Строго судил себя Афанасий Иванов, а был он послом российским с именем, сохранившимся в истории, жившим хлопотно и тревожно. Не единожды подстерегали его опасности, терпел унижения, но служил отечеству честно…

В верстах пяти от Москвы остановила посольскую колымагу Андрейкина ватага. Покинув деревню, пришел Андрейка в глухой Брынский лес, что в Калужском краю, собрал человек семь мужиков, перебрался в Замосковье.

Окружили ватажники колымагу, ездовому взашей дали, а дьяка выволокли, кошель отобрали, а узнав, что это едет посольский дьяк, Андрейка сказал:

– Эвон, какой ты богатый. Однако нынче деньги тебе не сгодятся, Москва, она под боком, а у нас дорога дальняя, кто нам подаст? – И махнул ватажникам: – Отпустите его, мужики, он дьяк посольский, государству нужный.

В Москве Афанасий Иванов не государю и Думе отчет держал, а правительству боярскому.

Слушали бояре рассказ дьяка, головами качали, сокрушались:

– Эко, куда ни повернись, отовсюду напасти.

– Василий мыслил с королем свеев рядой заручиться, ан Карл Жигмунду в разбоях не уступает.

– Воистину. Вон как Делагарди монастыри новгородские пограбил и царскую казну увез.

– Блажил Василий. Когда свеи с нами в мире жили?..

И приговорили бояре: прежде чем мира со свеями искать, пусть Карл Корелу с Копорьем освободит да грабежами на Руси не промышляет…

Андрейка уводил ватагу на Волгу. Намерились ватажники отсидеться в Нижнем Новгороде, а по весне спуститься в низовье, к Астрахани. Пробирались ватажники лесными тропами, вдоль рек и болотных озер.

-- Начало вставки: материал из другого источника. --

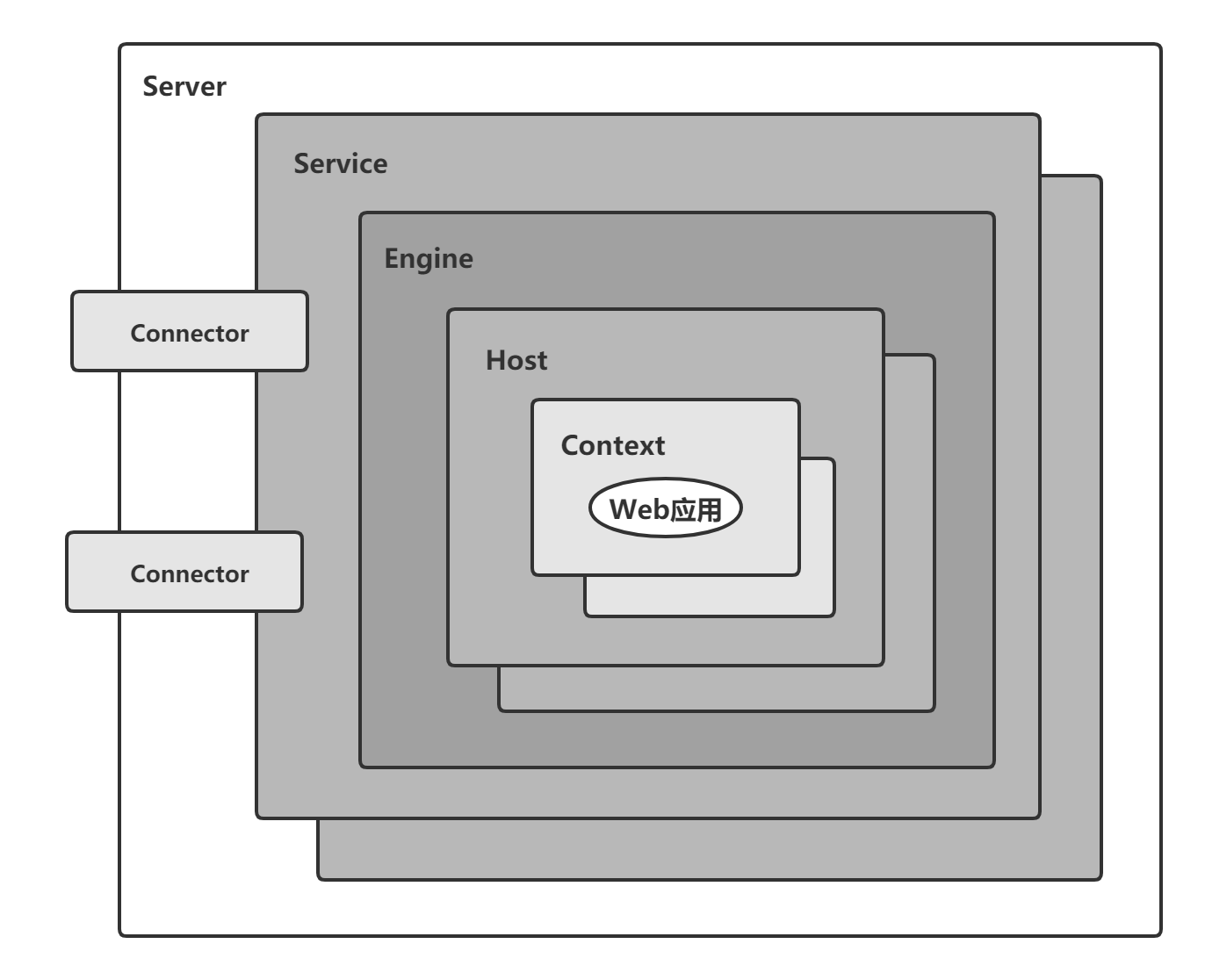 - Service 从这一层往下,我们一般称为容器(Container),Catalina是它的具体实现,这也就说明了为什么前面配置环境变量,用的就是Catalina的这个名字。下属多个Connector,下属一个Engine。

Погода ухудшалась, и мужики торопились. Пожухли листья, ночами на траву выпадала изморозь, и ее мучной налет держался до полудня, если не выгревало солнце. Лесная ягода делалась слаже, а лес звонким и чутким. Перелетная птица сбивалась в стаи, жировала, готовясь к дальнему и опасному пути в южные, теплые края. С плеском садились на воду тяжелые гуси, со свистом разрезая воздух, проносились утки, изогнув дугой шеи, плавно скользили по речной глади лебеди.

Жизнь пернатых не затихала и ночами. Низко в небе курлыча летели журавли, далеко окрест разносился шелест тысяч и тысяч крыл…

Не одиножды в силки к ватажникам попадали зайцы, на плесах удавалось подстрелить зазевавшегося гуся, и тогда мужики обсушивались у костра, а на треноге, в казане, булькало мясное хлебово, приправленное грибами, выдержавшими первые заморозки. Пили чай с ягодой, отогревались, оттаивали душою.

Ночами во сне виделась Андрейке Варварушка, он разговаривал с ней, печалился, что слишком мало пожил в деревне, и давал зарок, как только утихомирится Русь, воротиться к Варварушке…

Миновали Владимир, остались позади купола церквей, башни крепостные. Полпути за спиной…

На Покрову припорошил землю первый снег и стаял. Встревожились мужики, ну как понесет пурга, заметет дороги, впереди-то еще не один день пути. Нашлись ватажники, какие предложили остаться во Владимире, но Андрейка возразил: во Владимире от земских ярыжек не укрыться, а Нижний Новгород многолюдный, торговый, в нем без труда затеряешься…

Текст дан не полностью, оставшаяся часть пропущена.